What you have to do » Give a verbatim copy of the lines below, minus the pictures.

Dataset extract »
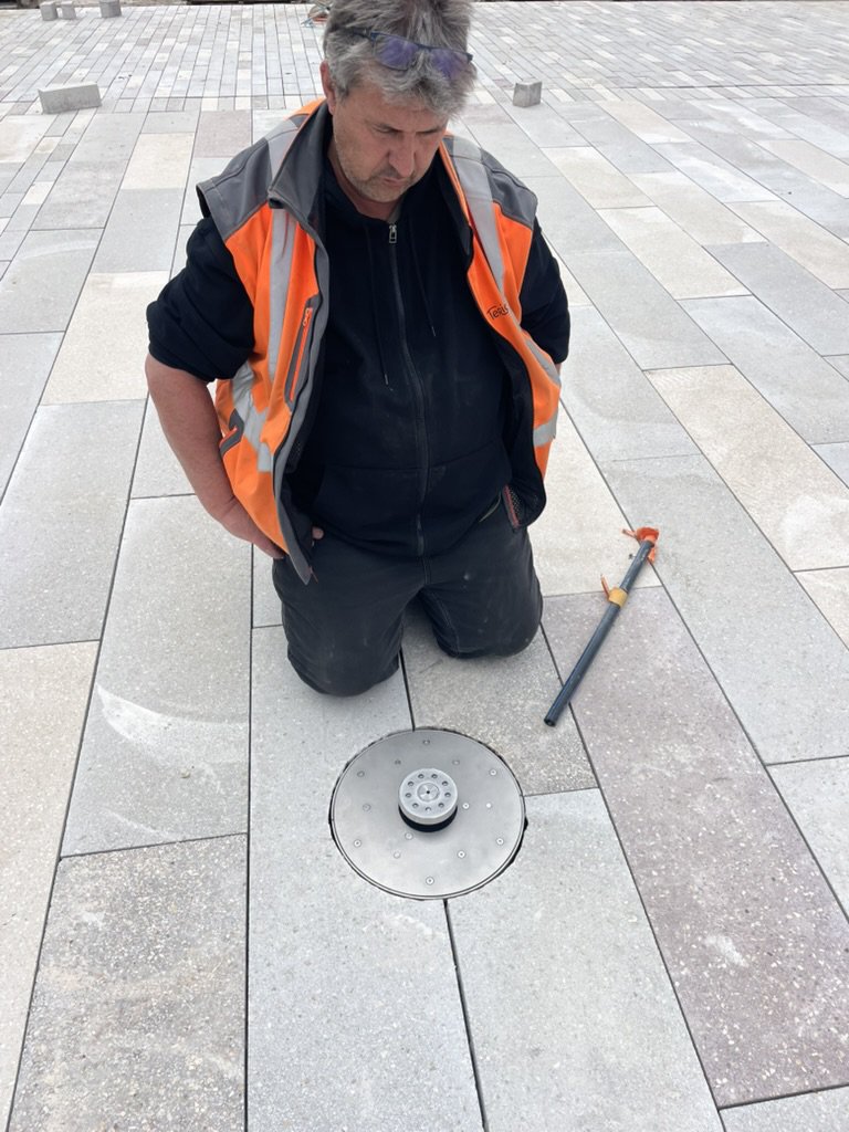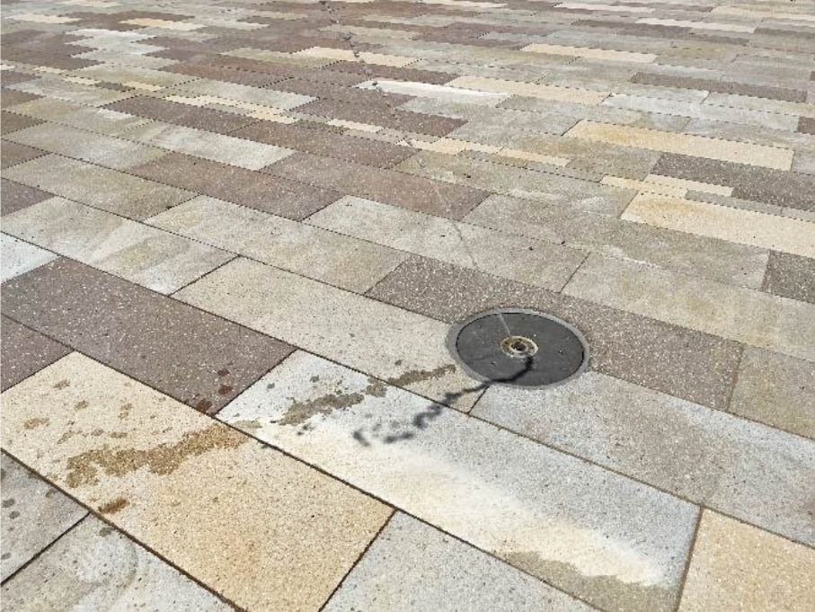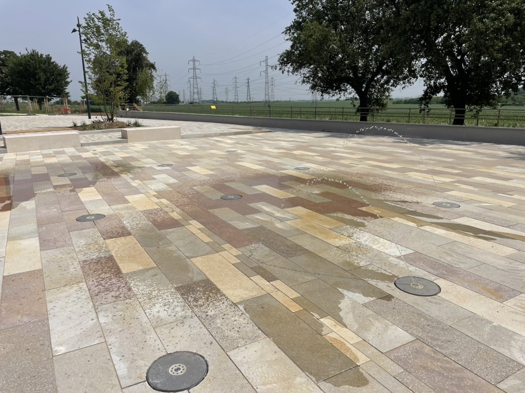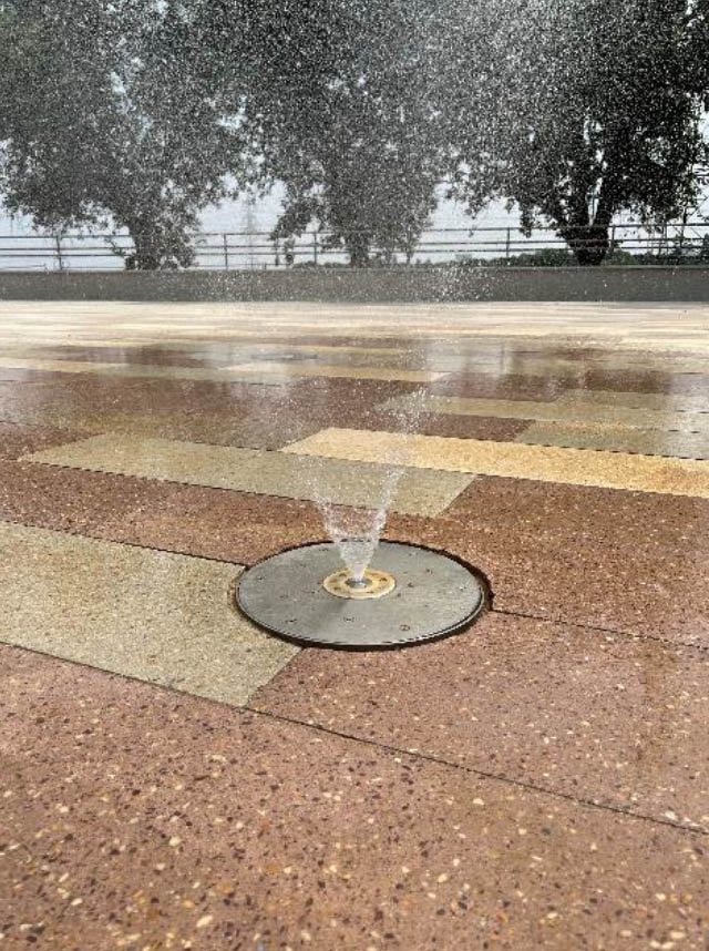 Création d’une fontaine ludique et scénographique, intégrant des jets animés et de la brumisation.
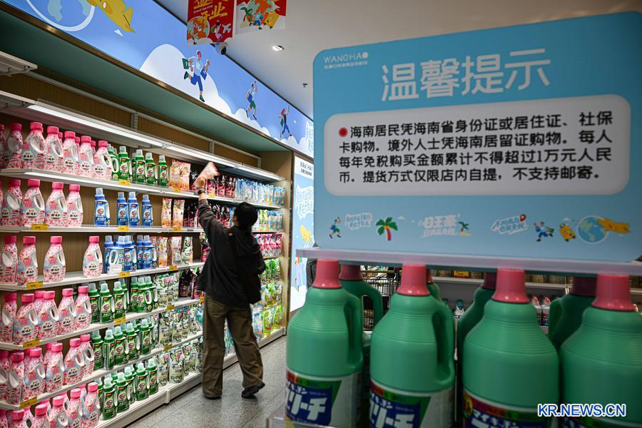 지난 12일 한 고객이 하이난(海南)성 하이커우(海口)시 왕하오(旺豪) 일용소비재 면세점에서 상품을 구매하고 있다. (사진/신화통신)
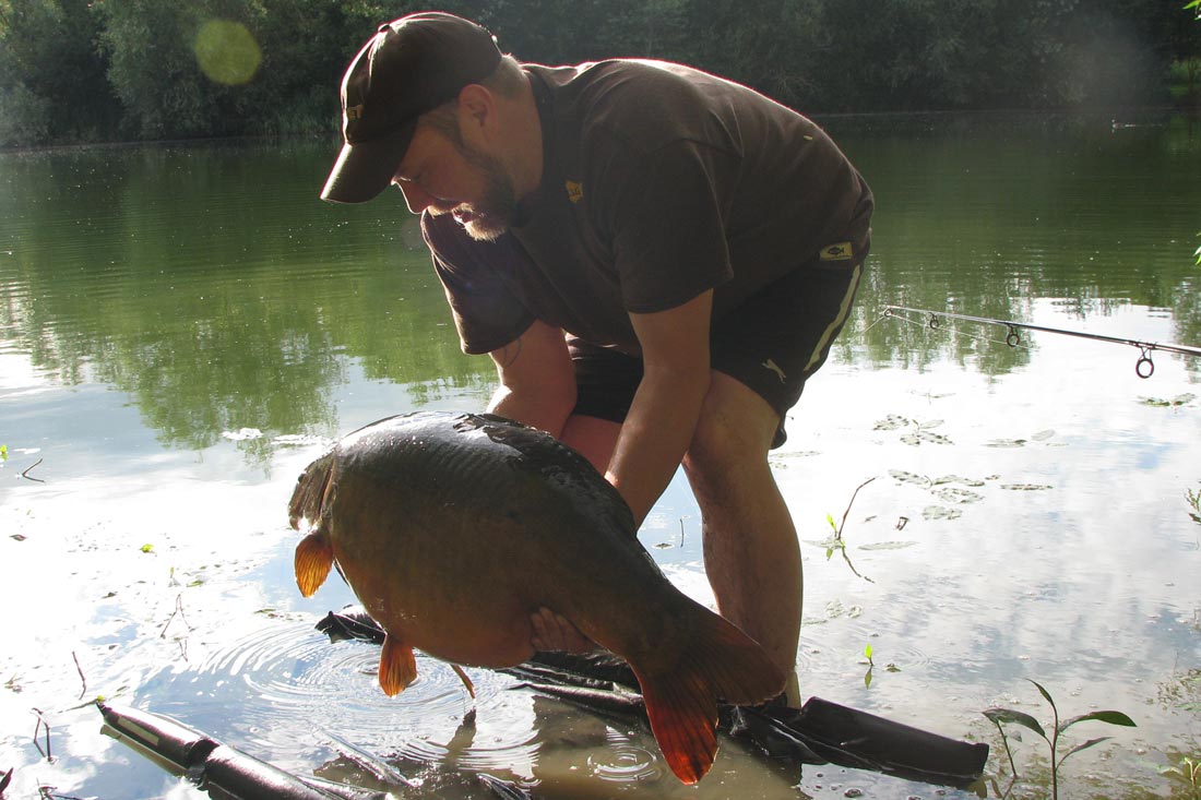 As the fish reached its first weed bed the pressure was maintained and the rod did all the work to tease it from the onion weed that adorns the middle of the lake. Within a few more minutes, it was within netting range and a short wade up to my knees later, it was safely engulfed and awaiting inspection. After a quick fin check, it was lifted onto the mat, secured in the sling and placed back into the deep margins to gather its thoughts and reflect upon the mistake it had made. This also gave me time to arrange the photographers, mats and other trophy shot equipment. Thankfully my wife Rebecca and also my friend Mark had popped down to see me, and had witnessed the entire affair, from casting out to landing the carp.
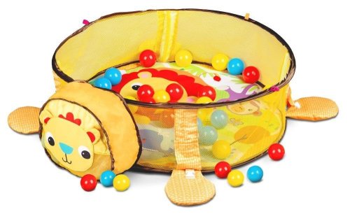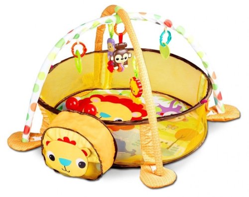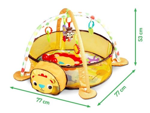 Vzdelávacia hracia deka Lev zabaví vaše dieťatko na dlhé chvíle. Pestrofarebné prevedenie a výber závesných hračiek výrazne stimulujú zmysly a motorické schopnosti. Vďaka svojim kvalitám ďalej rozvíja hmat, zrak, koordináciu a pohyblivosť prstov. Výhody výrobku - vhodné pre deti od narodenia - látková ohrádka - dve odnímateľné hrazdičky so štyrmi hračkami (možno odňať) - 30 farebných loptičky s úložným priestorom - na dotyk príjemný kvalitný materiál, možnosť prania Parametre - rozmery 77 x 77 x 53 cm - priemer deky 68 cm - výška sieťky, záhradky, 20 cm - váha 2,3 kg

Worked solution »
 Création d’une fontaine ludique et scénographique, intégrant des jets animés et de la brumisation.
 지난 12일 한 고객이 하이난(海南)성 하이커우(海口)시 왕하오(旺豪) 일용소비재 면세점에서 상품을 구매하고 있다. (사진/신화통신)
 As the fish reached its first weed bed the pressure was maintained and the rod did all the work to tease it from the onion weed that adorns the middle of the lake. Within a few more minutes, it was within netting range and a short wade up to my knees later, it was safely engulfed and awaiting inspection. After a quick fin check, it was lifted onto the mat, secured in the sling and placed back into the deep margins to gather its thoughts and reflect upon the mistake it had made. This also gave me time to arrange the photographers, mats and other trophy shot equipment. Thankfully my wife Rebecca and also my friend Mark had popped down to see me, and had witnessed the entire affair, from casting out to landing the carp.
 Vzdelávacia hracia deka Lev zabaví vaše dieťatko na dlhé chvíle. Pestrofarebné prevedenie a výber závesných hračiek výrazne stimulujú zmysly a motorické schopnosti. Vďaka svojim kvalitám ďalej rozvíja hmat, zrak, koordináciu a pohyblivosť prstov. Výhody výrobku - vhodné pre deti od narodenia - látková ohrádka - dve odnímateľné hrazdičky so štyrmi hračkami (možno odňať) - 30 farebných loptičky s úložným priestorom - na dotyk príjemný kvalitný materiál, možnosť prania Parametre - rozmery 77 x 77 x 53 cm - priemer deky 68 cm - výška sieťky, záhradky, 20 cm - váha 2,3 kg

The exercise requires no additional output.